Additionally, when presented with a one-page CV equal in all other respects, male and female scientists alike prefer “John” to “Jennifer.” It could be that the low numbers of “Dr.” emails could reflect this. There could be a bias exhibited by male and female scientists alike. Unfortunately, the total numbers are simply too small to tell.
Edited to add: Reader @LJZigerell pointed out that I forgot the work of Williams and Ceci (and he’s right I did), which shows that, in faculty hiring specifically in Science, Technology, Engineering and Math, women get hired at higher rates than men (except in economics). These would all be candidates who had Ph.Ds and long publishing records. And that particular study has come under a lot of fire for issues of…bias. So findings of bias are not universal across all domains. This does not, of course, mean that bias doesn’t exist.
To find out who calls who “Dr.” in my field, we’d need a real experiment. We’d probably want to compare men and women with Ph.Ds in different areas of science. We’d want to vary if they had Ph.D. in their signature or not. We’d want to look at staff writers vs. freelancers and beginners vs experts.

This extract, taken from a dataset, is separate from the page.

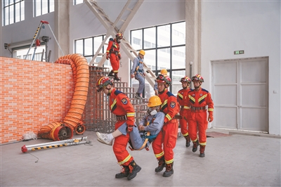 本报讯 “一名作业人员晕倒在池底,情况紧急,马上来救人”“报告指挥部,救援人员已就位,环境安全,符合救援条件,请指示”……昨日,位于斜桥镇云华路10号的冠球生物科技(浙江)有限公司内,一场高度仿真的有限空间应急救援演练正在紧张进行。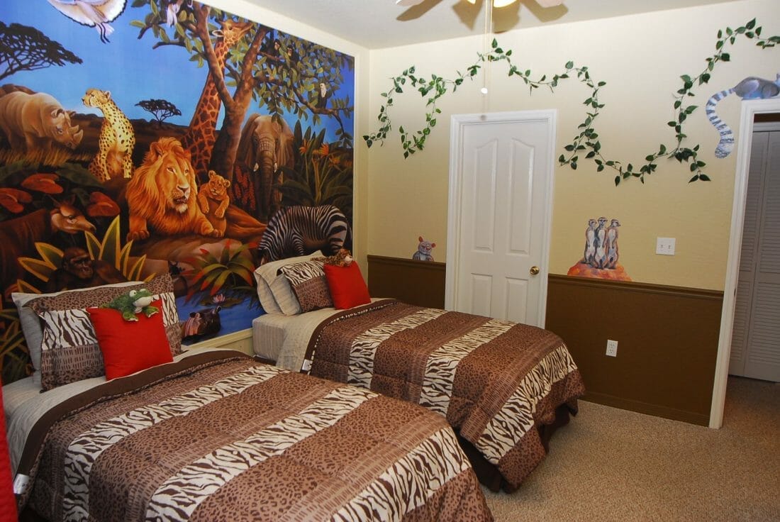This bedroom will remind you of the wildlife in Africa or even that prominent movie from Disney – The Lion King.

My data is merely a retrospective. It’s not even very good data (though it helps that my original emails and signatures are extremely consistent in content and tone). It does not encompass many other aspects of my life, such as how people treat me on the phone, when people introduce me in person, etc. I only have the data from a specific set of emails over the last two years. There is no reason whatsoever to think that my overall experience is different in some way from the studies showing that women get less consideration and respect than men.
But my observation was technically wrong. And it was viral.*
I was careless. My friends and colleagues RT’d it. They identified with it. Some friends defended me against people questioning me about my experience, which may be the worst thing of all. I feel like I betrayed them in some small way. We all identified with something because it sounded like our reality. In many cases, it may well be reality.
But my observation about my emails was a mistake. And I worry that social media, right now, doesn’t allow for mistakes. People want black and white, biased or unbiased, fair or unfair, not the shades of grey that make up life experiences. I worry these days that any little mistake opens someone up to false equivalency. This tweet was incorrect, therefore women are liars. This tweet was incorrect, therefore there’s no bias against women. Women don’t lie at rates higher than men, and there is bias against women (and men are biased against believing it!). But we’re all people. We all mess up. We all talk out our butts sometimes and find out, to our shame, that we’re wrong. That the data don’t show what we thought, or, in my case, that the data don’t show much of anything at all.
I want to do something to make it right. Because I was a scientist. Scientists make corrections when they are wrong. They acknowledge when their hypotheses don’t bear out, and when the data simply isn’t strong enough to say. I am a journalist. Journalists make corrections when they make mistakes. They are accountable for what they put out into the world. I need to tell you what is true. Even if I’m embarrassed, what is true is more important than what I feel.
Please, if you’ve made it this far, share this. Something black and white went viral. It needs to be defeated by the reality – shades of gray.
*Virality is subjective. In my case, an average tweet generates about 2,000-4,000 impressions (the number of streams it appeared on). This one is as 211,000 impressions and counting. For me? That’s pretty viral.
Edited on 1/30 to add a note about 50/50 splits in odd n’s, and a note about the work of Williams and Ceci.